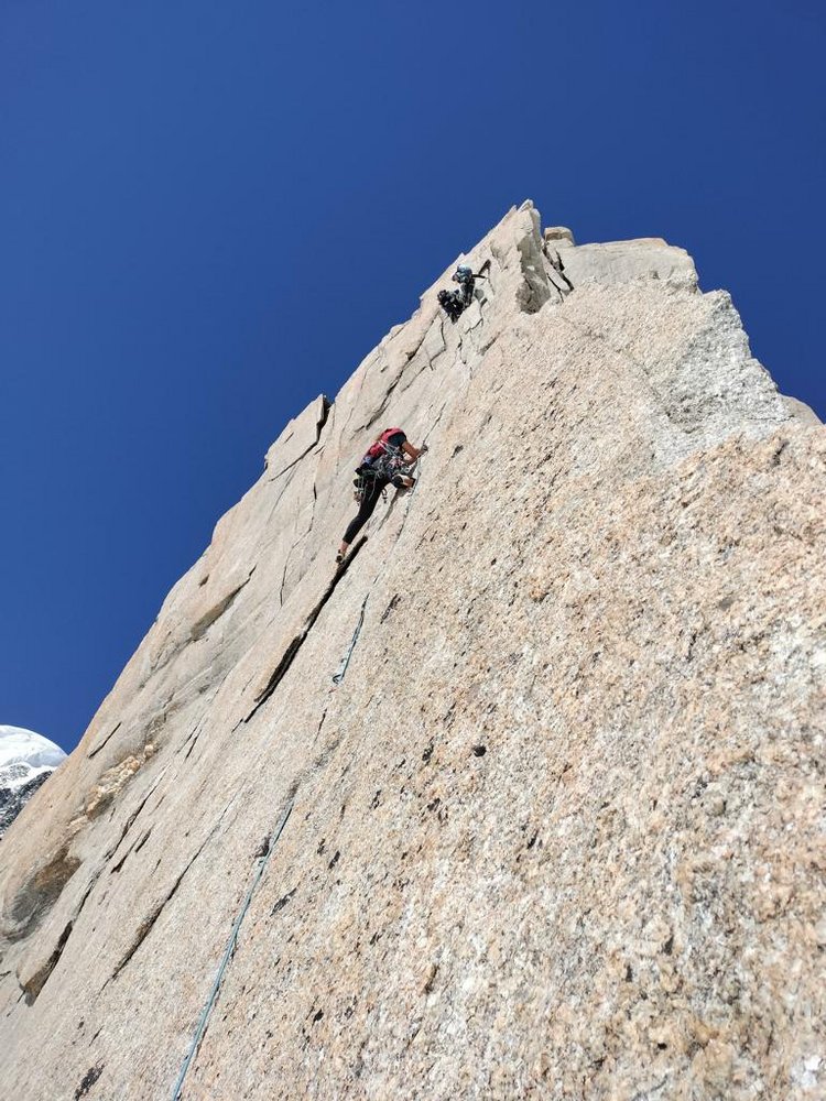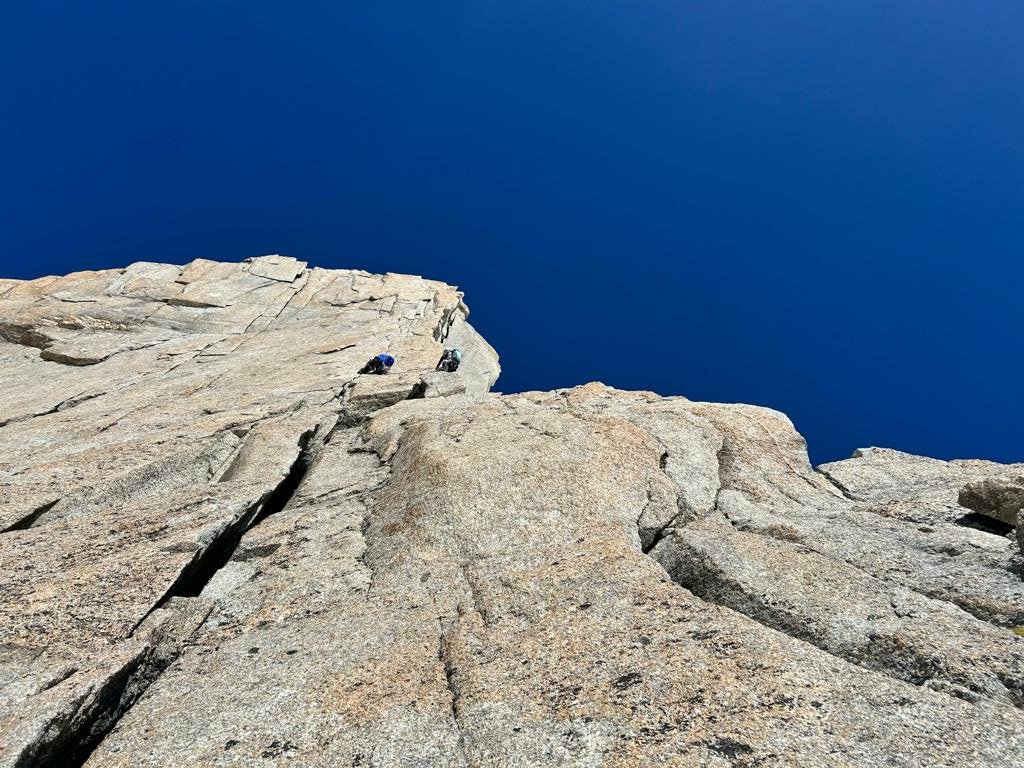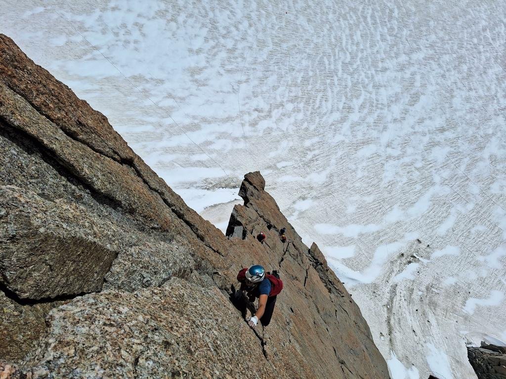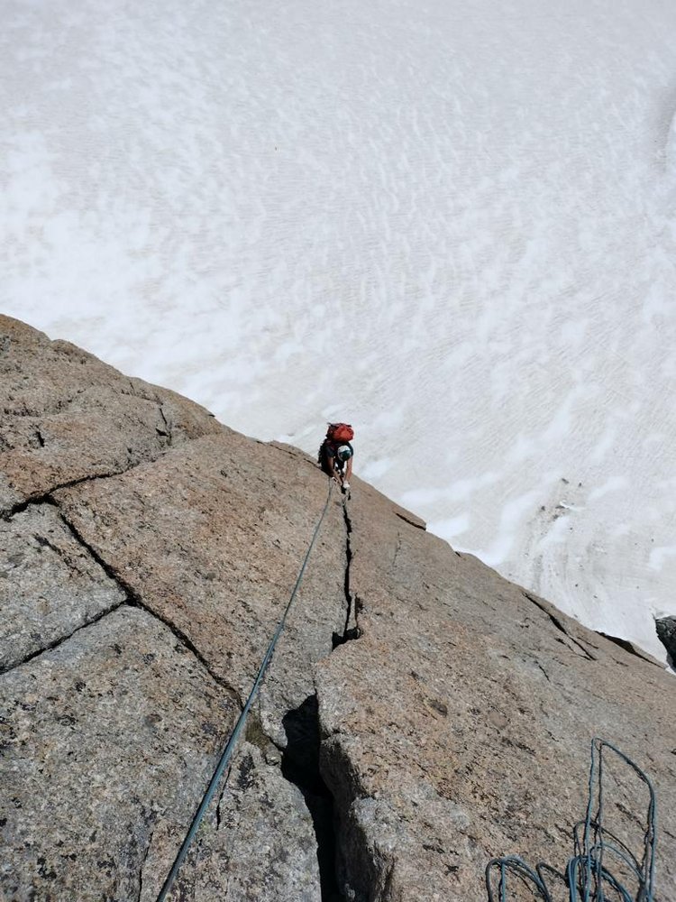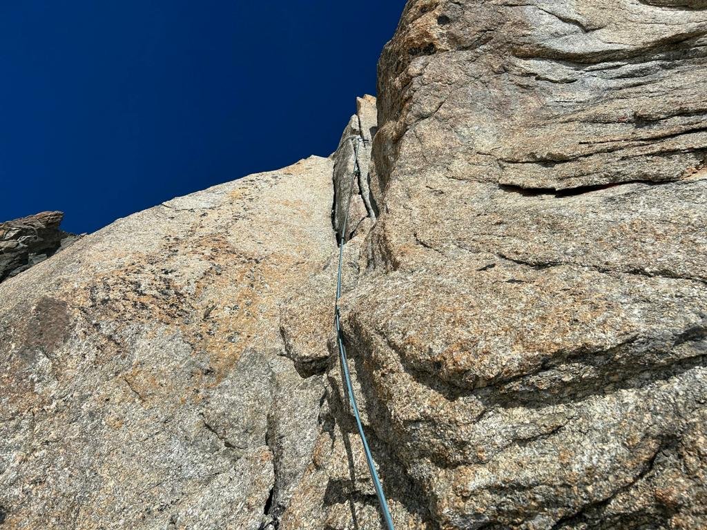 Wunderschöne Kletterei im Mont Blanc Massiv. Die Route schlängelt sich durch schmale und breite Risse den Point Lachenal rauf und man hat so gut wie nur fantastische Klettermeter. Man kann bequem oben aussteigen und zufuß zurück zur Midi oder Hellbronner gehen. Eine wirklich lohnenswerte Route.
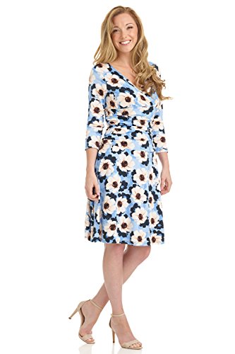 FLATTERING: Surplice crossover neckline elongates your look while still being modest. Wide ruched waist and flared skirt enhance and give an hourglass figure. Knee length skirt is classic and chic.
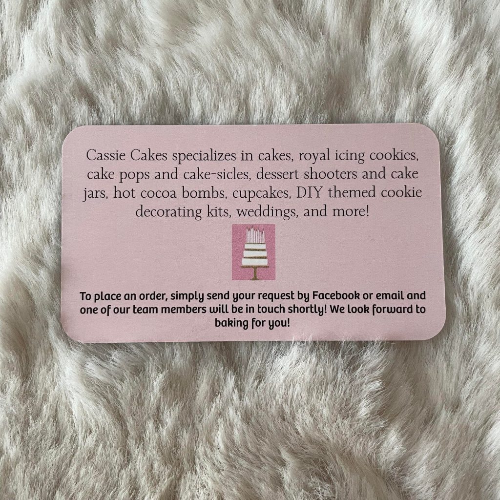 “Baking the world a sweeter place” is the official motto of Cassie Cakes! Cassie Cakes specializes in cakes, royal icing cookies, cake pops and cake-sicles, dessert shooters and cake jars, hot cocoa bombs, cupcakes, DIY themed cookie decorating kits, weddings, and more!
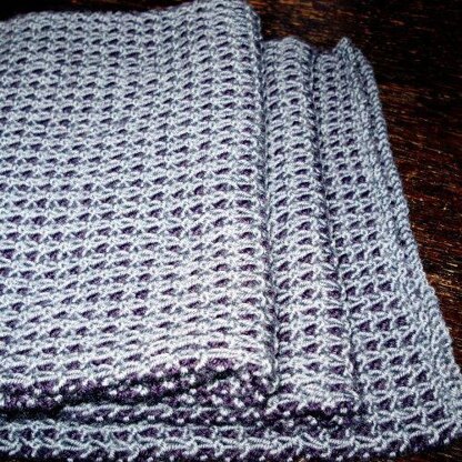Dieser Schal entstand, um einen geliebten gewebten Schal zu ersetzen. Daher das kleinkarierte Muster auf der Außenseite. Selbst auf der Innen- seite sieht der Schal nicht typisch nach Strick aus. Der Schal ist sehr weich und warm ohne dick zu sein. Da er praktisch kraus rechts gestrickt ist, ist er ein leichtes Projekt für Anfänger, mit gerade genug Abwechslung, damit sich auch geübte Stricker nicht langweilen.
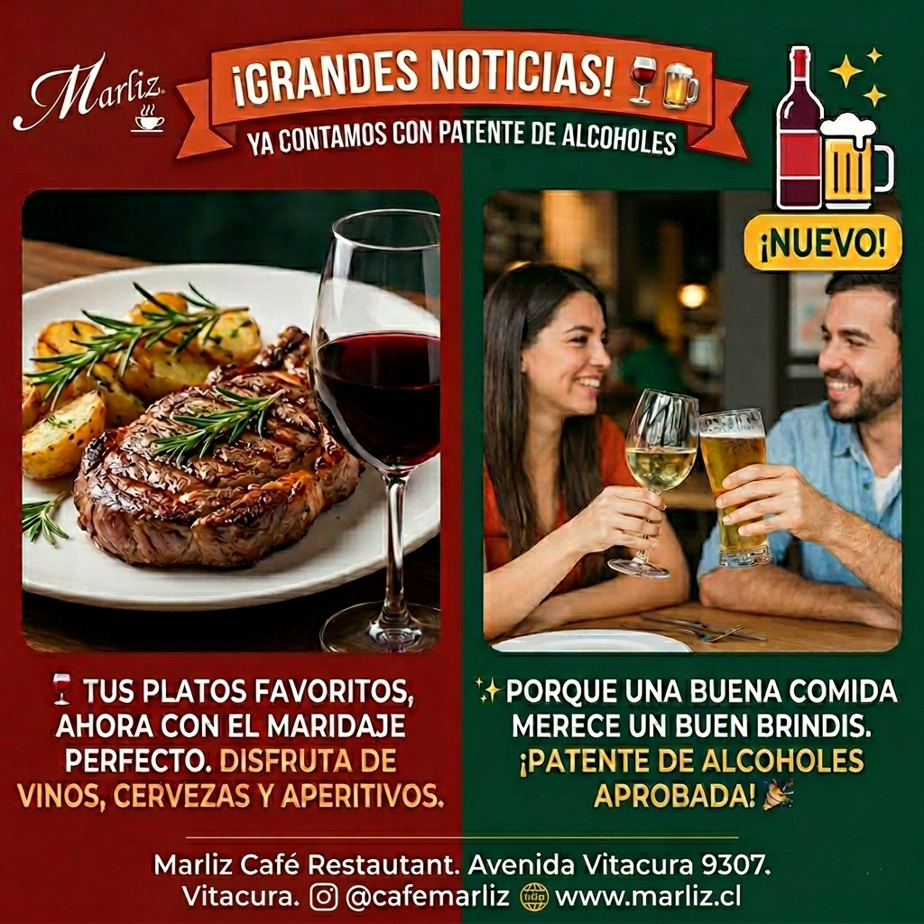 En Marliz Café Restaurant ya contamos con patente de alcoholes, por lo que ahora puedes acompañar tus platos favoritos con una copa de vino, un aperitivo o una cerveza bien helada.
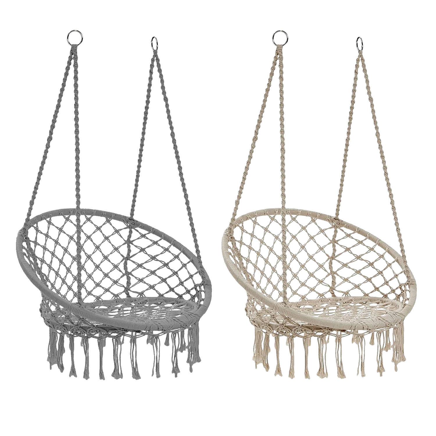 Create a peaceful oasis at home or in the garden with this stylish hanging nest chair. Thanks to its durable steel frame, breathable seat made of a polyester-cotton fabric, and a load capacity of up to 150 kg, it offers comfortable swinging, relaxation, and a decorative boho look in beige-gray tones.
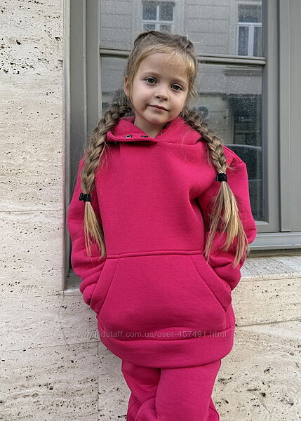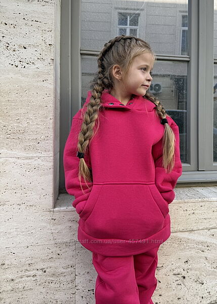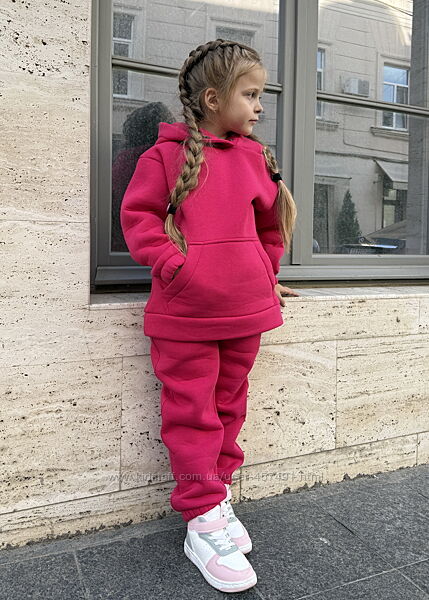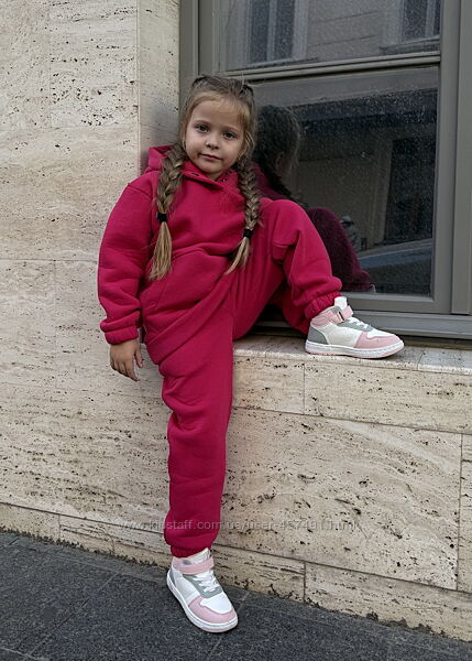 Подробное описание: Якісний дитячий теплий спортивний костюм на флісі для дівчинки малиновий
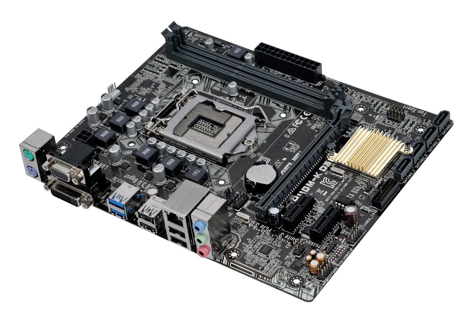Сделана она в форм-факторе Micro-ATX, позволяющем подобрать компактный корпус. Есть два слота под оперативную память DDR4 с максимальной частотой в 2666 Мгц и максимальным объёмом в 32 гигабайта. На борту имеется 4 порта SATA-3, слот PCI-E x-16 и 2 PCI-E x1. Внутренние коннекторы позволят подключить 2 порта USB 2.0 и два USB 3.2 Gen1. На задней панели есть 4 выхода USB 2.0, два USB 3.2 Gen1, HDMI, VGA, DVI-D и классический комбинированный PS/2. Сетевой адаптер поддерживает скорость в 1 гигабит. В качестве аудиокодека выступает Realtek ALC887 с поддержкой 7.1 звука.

→ Assignment
In the data above, take the line with "weddings, and more!", the line with "Подробное описание: Якісний", and every line between, and set them down exactly without pictures.

→ Result
 “Baking the world a sweeter place” is the official motto of Cassie Cakes! Cassie Cakes specializes in cakes, royal icing cookies, cake pops and cake-sicles, dessert shooters and cake jars, hot cocoa bombs, cupcakes, DIY themed cookie decorating kits, weddings, and more!
Dieser Schal entstand, um einen geliebten gewebten Schal zu ersetzen. Daher das kleinkarierte Muster auf der Außenseite. Selbst auf der Innen- seite sieht der Schal nicht typisch nach Strick aus. Der Schal ist sehr weich und warm ohne dick zu sein. Da er praktisch kraus rechts gestrickt ist, ist er ein leichtes Projekt für Anfänger, mit gerade genug Abwechslung, damit sich auch geübte Stricker nicht langweilen.
 En Marliz Café Restaurant ya contamos con patente de alcoholes, por lo que ahora puedes acompañar tus platos favoritos con una copa de vino, un aperitivo o una cerveza bien helada.
 Create a peaceful oasis at home or in the garden with this stylish hanging nest chair. Thanks to its durable steel frame, breathable seat made of a polyester-cotton fabric, and a load capacity of up to 150 kg, it offers comfortable swinging, relaxation, and a decorative boho look in beige-gray tones.
 Подробное описание: Якісний дитячий теплий спортивний костюм на флісі для дівчинки малиновий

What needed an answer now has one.